### Problem description
Give the records again in full, exactly as they appear, but without the pictures.

### Stored data
BEGIN
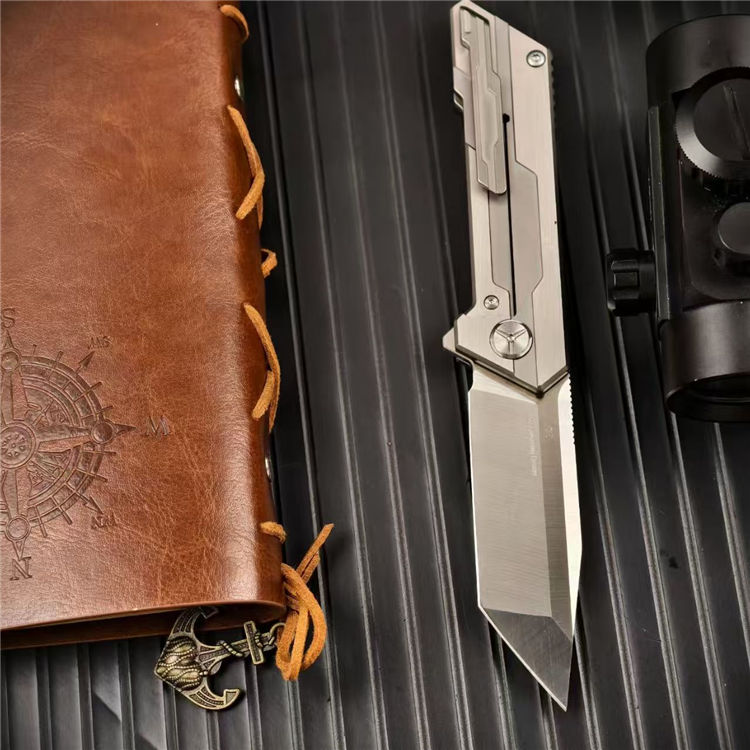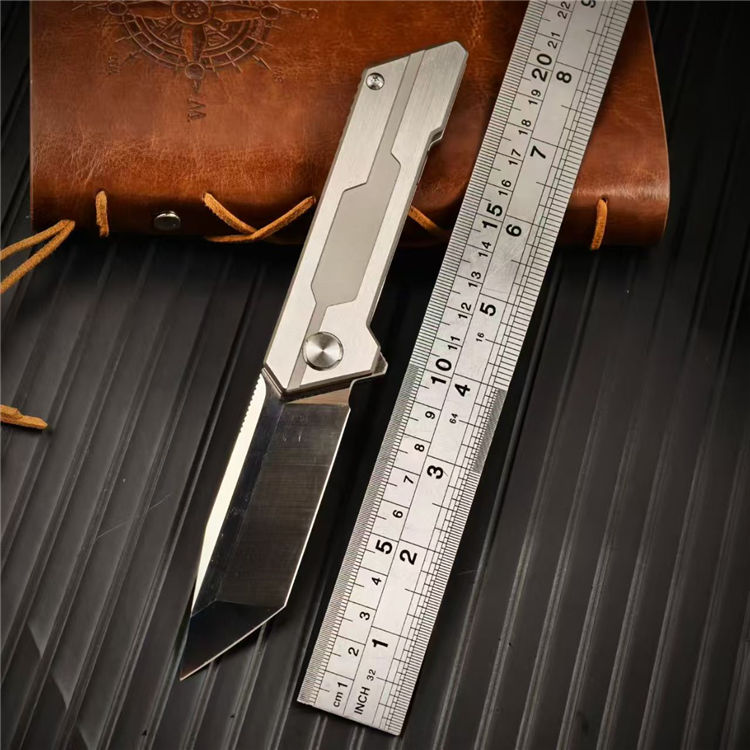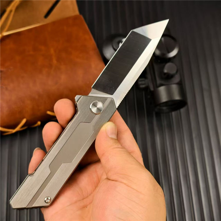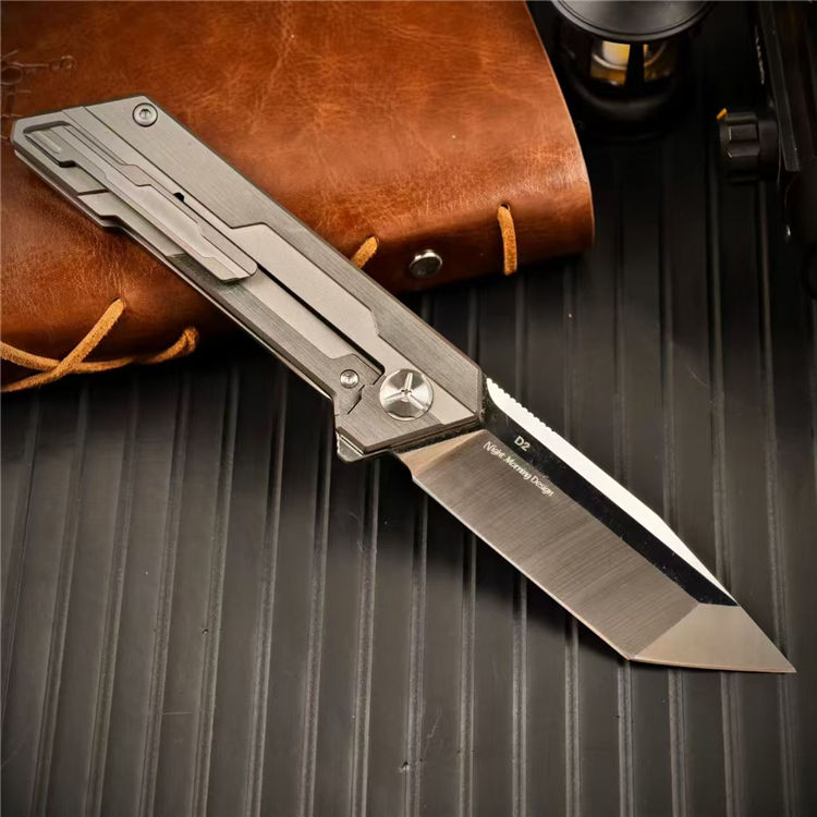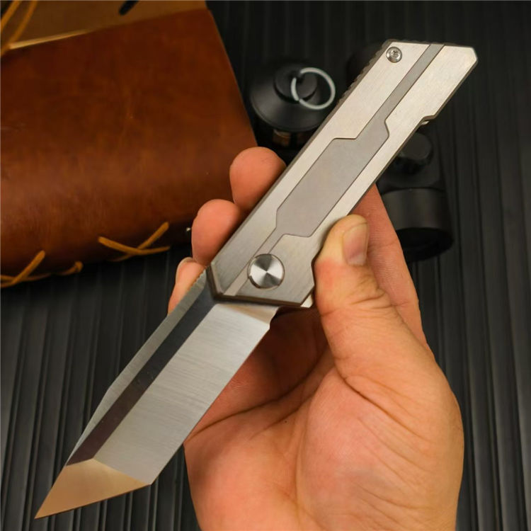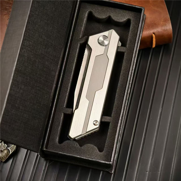 星核折刀 全长:19.7cm 刃长:8.6cm 刃厚:4mm 刃宽:2.7cm 柄长:11.4cm 刃材:D2 柄材:钛合金 重量:138g 包装重量:207g
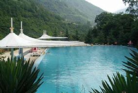 目前除投资500万元兴建古尔沟温泉标准游泳池外,还有大小浴室30多个,与之配套的服务设施基本具备,形成了吃、住、行、游、购、娱服务“一条龙”。
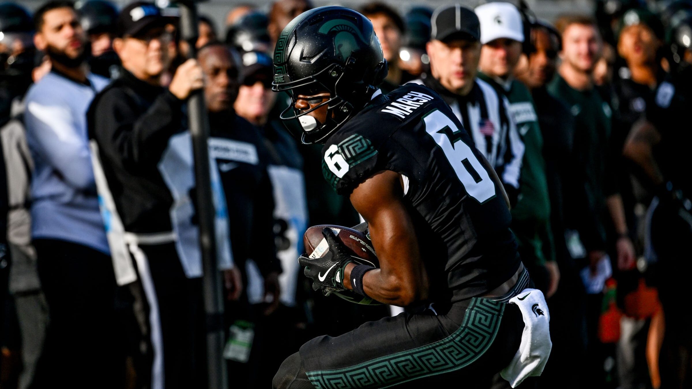 Michigan State’s Nick Marsh catches a pass against Indiana. (Photo by Nick King/Lansing State Journal)
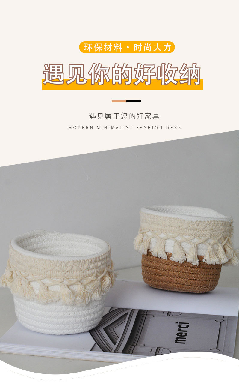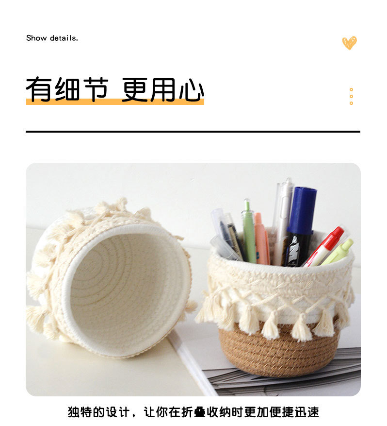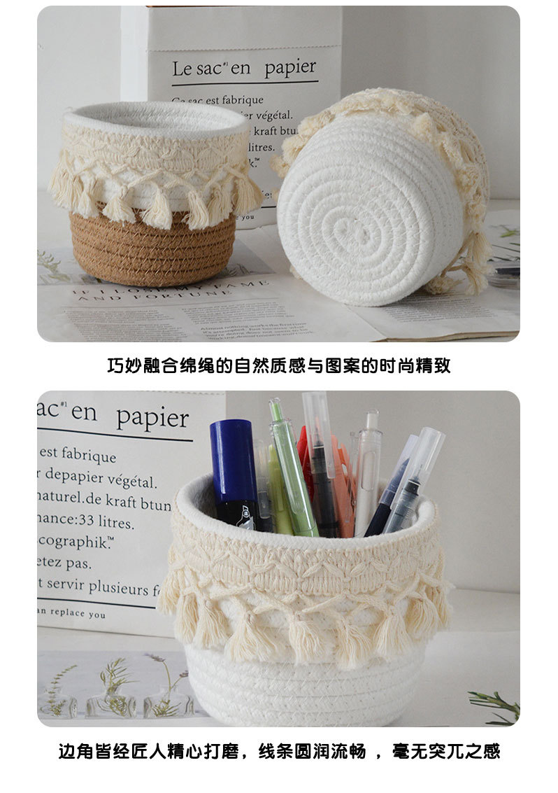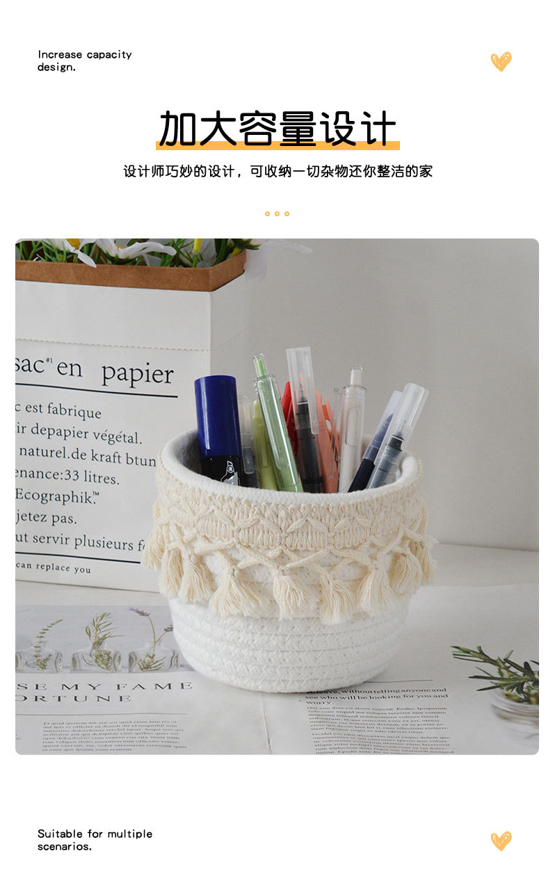 인면 로프 짠 저장 바구니 책상 학습 도구 저장 상자 화장품 펜 저장 버킷 데스크탑 잡화 마무리스토어 가기
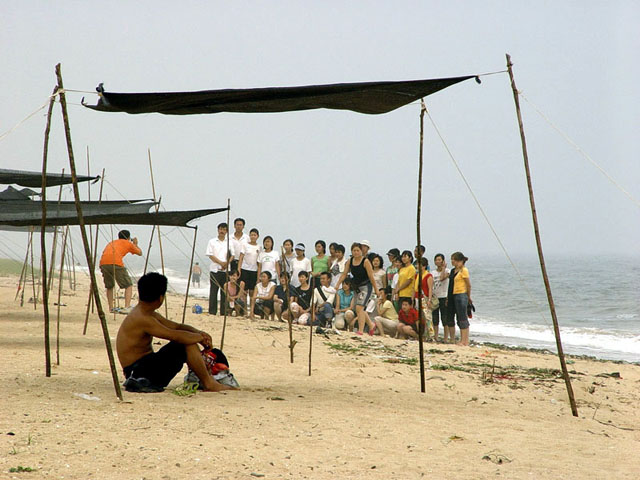 這里風光秀麗,氣候宜人。海水清澈見底,水淺波輕,海灘寬闊平緩,白沙細膩無泥,海中無礁石。海濱浴場的海底坡緩,距岸邊百米之外海水僅齊胸深。止錨灣東側的海域淺水區,海底坡度更緩,水拂腳面,極適于兒童游玩。
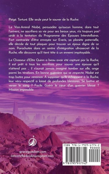 Piégé. Torturé. Elle seule peut le sauver de la Ruche. Le Vice-Amiral Niobé, persuadée qu'aucun homme, dans tout l'univers, ne sacrifiera sa vie pour ses beaux yeux, n'a toujours pas cédé à la tentation du Programme des Épouses Interstellaires. Fort contrariée d'être envoyée sur Everis, sa planète paternelle, elle décide de tout plaquer pour trouver un époux digne de ce nom. Parachutée dans un centre d'intégration ultrasecret de la Ruche, elle découvre qu'il tient tête à un ennemi impitoyable. Le Chasseur d'Elite Quinn a beau avoir été capturé par la Ruche, il est prêt à tous les sacrifices pour sauver une épouse qu'il n'attend pas ... il n'aurait jamais imaginé tomber sur elle, ange parmi les ténèbres. En bonne guerrière qui se respecte, Niobé est trop butée pour renoncer. À supposer qu'ils échappent à la Ruche, leur vécu respectif a laissé de profondes blessures. Se battre et verser le sang ? Facile. Guérir le c¿ur d'un guerrier blessé ? Mission impossible.
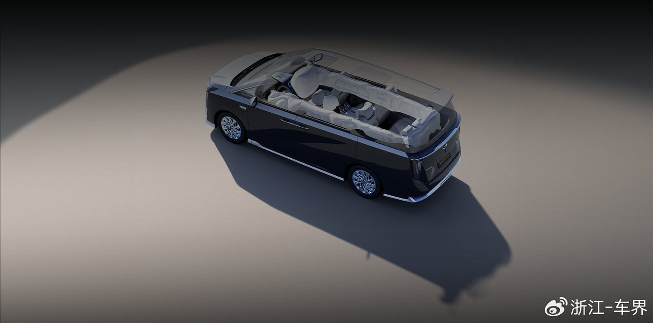 被动安全方面,采用“八纵十九横”车体结构,高强度钢占比高达85.6%,打造坚实的笼式铠甲车体。针对MPV第三排安全痛点,首创1.5米后风窗气囊,与两侧6.4米超长侧气帘,形成360°环抱式气囊矩阵,构筑刚柔并济的全向安全堡垒。
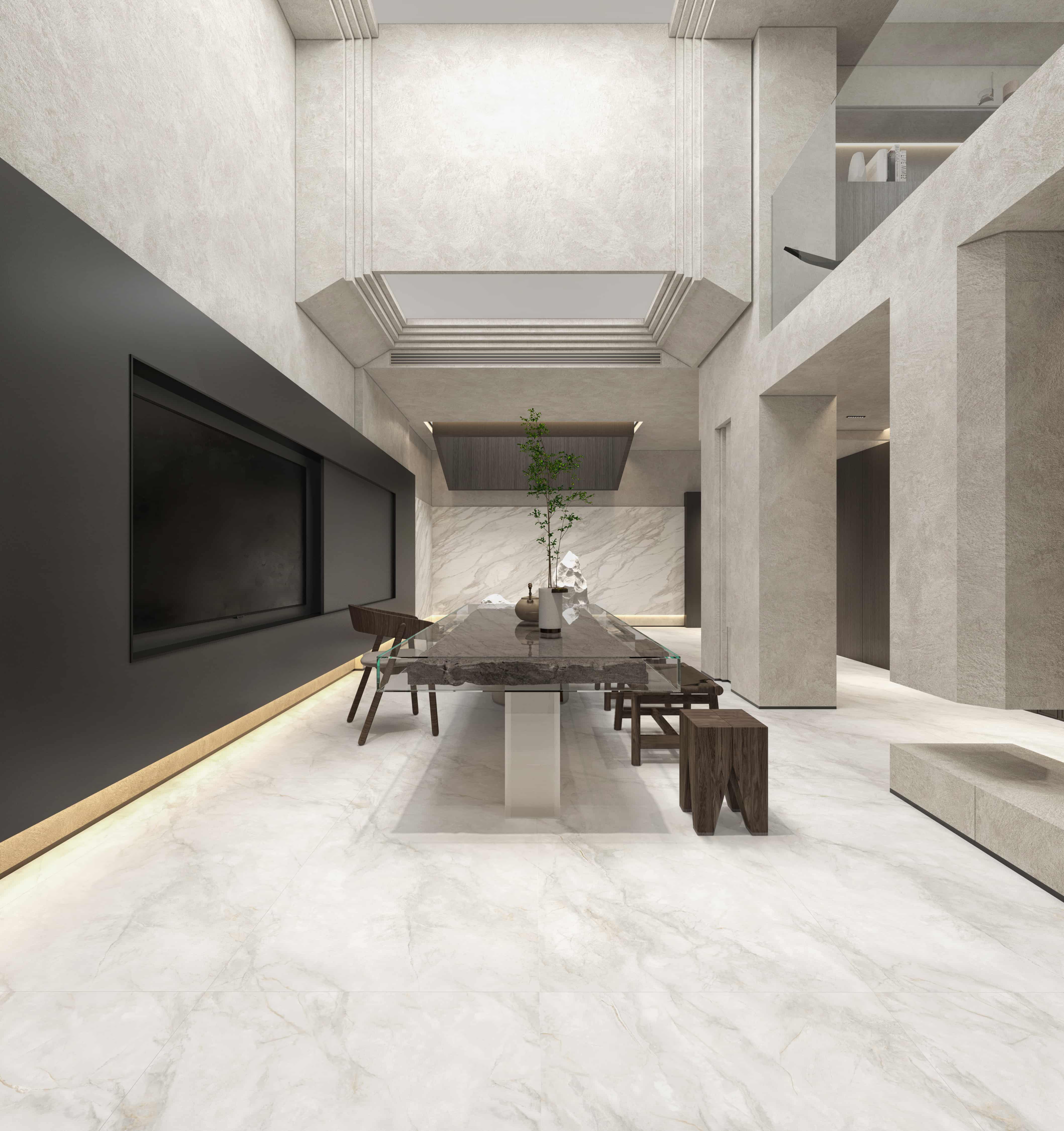 Designed for those who seek tranquility, refinement, and a touch of minimalist luxury, the Fishing in Snow collection brings poetic calmness and positive symbolism into your living space. The 1350mm golden-size tile offers outstanding flexibility for both walls and floors. With an expansive area of 1.08㎡ per tile and an elegant 1:1.68 aspect ratio, it introduces harmony and auspicious meaning to the home.
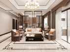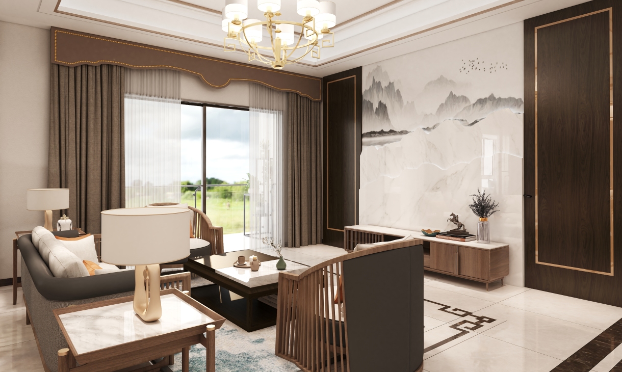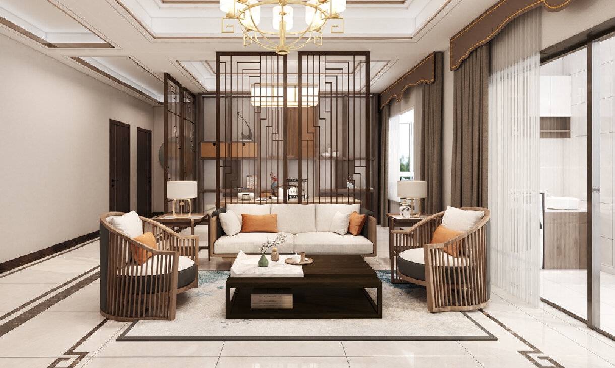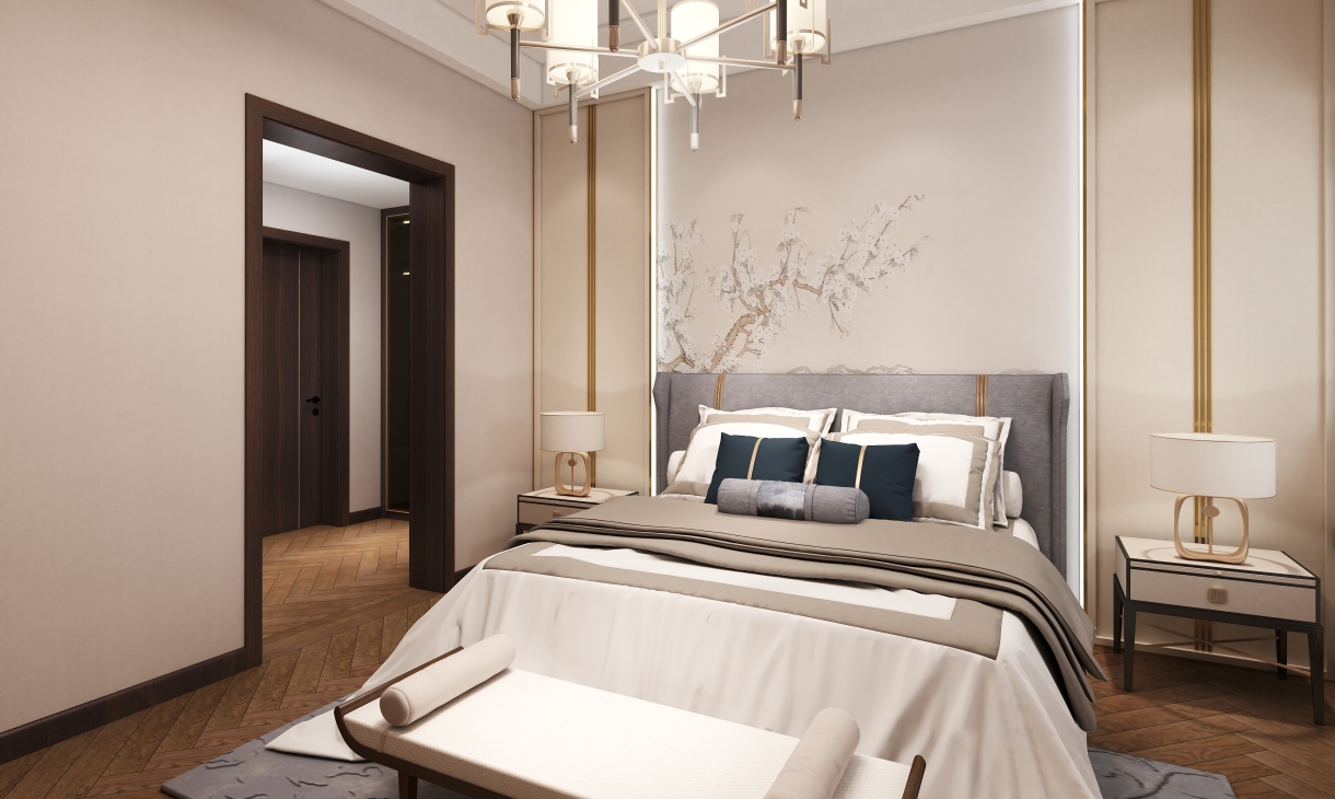 以胡桃色原木為主線,搭配中式拼花,山水,加入理石,金屬元素,點綴珊瑚橘色、煙灰藍,營造溫暖活力的氛圍。客臥木門做成隱形,讓背景墻大氣
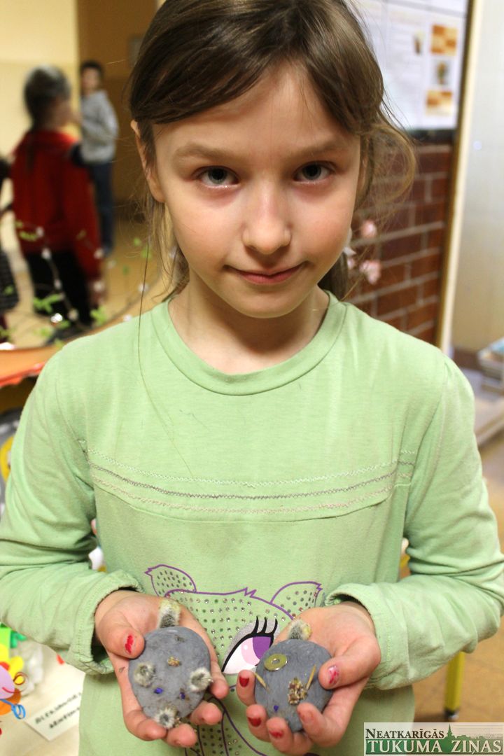 Jāteic, jau skolas foajē mūs iepriecināja Lieldienām veltītie darbi, kas pārsteidza ne vien ar izmantotajām tehnikām, bet arī ar akurātu risinājumu. To vidū pamanījām divas pelēkas pelītes. To autore Inga Beitane no 1.b klases pastāstīja, ka tās darinājusi no divām kartupeļa pusītēm, kuras nokrāsojusi pelēkā krāsā un izrotājusi ar pūkainiem pūpoliņiem.
END
### Result of the exercise
 星核折刀 全长:19.7cm 刃长:8.6cm 刃厚:4mm 刃宽:2.7cm 柄长:11.4cm 刃材:D2 柄材:钛合金 重量:138g 包装重量:207g
 目前除投资500万元兴建古尔沟温泉标准游泳池外,还有大小浴室30多个,与之配套的服务设施基本具备,形成了吃、住、行、游、购、娱服务“一条龙”。
 Michigan State’s Nick Marsh catches a pass against Indiana. (Photo by Nick King/Lansing State Journal)
 인면 로프 짠 저장 바구니 책상 학습 도구 저장 상자 화장품 펜 저장 버킷 데스크탑 잡화 마무리스토어 가기
 這里風光秀麗,氣候宜人。海水清澈見底,水淺波輕,海灘寬闊平緩,白沙細膩無泥,海中無礁石。海濱浴場的海底坡緩,距岸邊百米之外海水僅齊胸深。止錨灣東側的海域淺水區,海底坡度更緩,水拂腳面,極適于兒童游玩。
 Piégé. Torturé. Elle seule peut le sauver de la Ruche. Le Vice-Amiral Niobé, persuadée qu'aucun homme, dans tout l'univers, ne sacrifiera sa vie pour ses beaux yeux, n'a toujours pas cédé à la tentation du Programme des Épouses Interstellaires. Fort contrariée d'être envoyée sur Everis, sa planète paternelle, elle décide de tout plaquer pour trouver un époux digne de ce nom. Parachutée dans un centre d'intégration ultrasecret de la Ruche, elle découvre qu'il tient tête à un ennemi impitoyable. Le Chasseur d'Elite Quinn a beau avoir été capturé par la Ruche, il est prêt à tous les sacrifices pour sauver une épouse qu'il n'attend pas ... il n'aurait jamais imaginé tomber sur elle, ange parmi les ténèbres. En bonne guerrière qui se respecte, Niobé est trop butée pour renoncer. À supposer qu'ils échappent à la Ruche, leur vécu respectif a laissé de profondes blessures. Se battre et verser le sang ? Facile. Guérir le c¿ur d'un guerrier blessé ? Mission impossible.
 被动安全方面,采用“八纵十九横”车体结构,高强度钢占比高达85.6%,打造坚实的笼式铠甲车体。针对MPV第三排安全痛点,首创1.5米后风窗气囊,与两侧6.4米超长侧气帘,形成360°环抱式气囊矩阵,构筑刚柔并济的全向安全堡垒。
 Designed for those who seek tranquility, refinement, and a touch of minimalist luxury, the Fishing in Snow collection brings poetic calmness and positive symbolism into your living space. The 1350mm golden-size tile offers outstanding flexibility for both walls and floors. With an expansive area of 1.08㎡ per tile and an elegant 1:1.68 aspect ratio, it introduces harmony and auspicious meaning to the home.
 以胡桃色原木為主線,搭配中式拼花,山水,加入理石,金屬元素,點綴珊瑚橘色、煙灰藍,營造溫暖活力的氛圍。客臥木門做成隱形,讓背景墻大氣
 Jāteic, jau skolas foajē mūs iepriecināja Lieldienām veltītie darbi, kas pārsteidza ne vien ar izmantotajām tehnikām, bet arī ar akurātu risinājumu. To vidū pamanījām divas pelēkas pelītes. To autore Inga Beitane no 1.b klases pastāstīja, ka tās darinājusi no divām kartupeļa pusītēm, kuras nokrāsojusi pelēkā krāsā un izrotājusi ar pūkainiem pūpoliņiem.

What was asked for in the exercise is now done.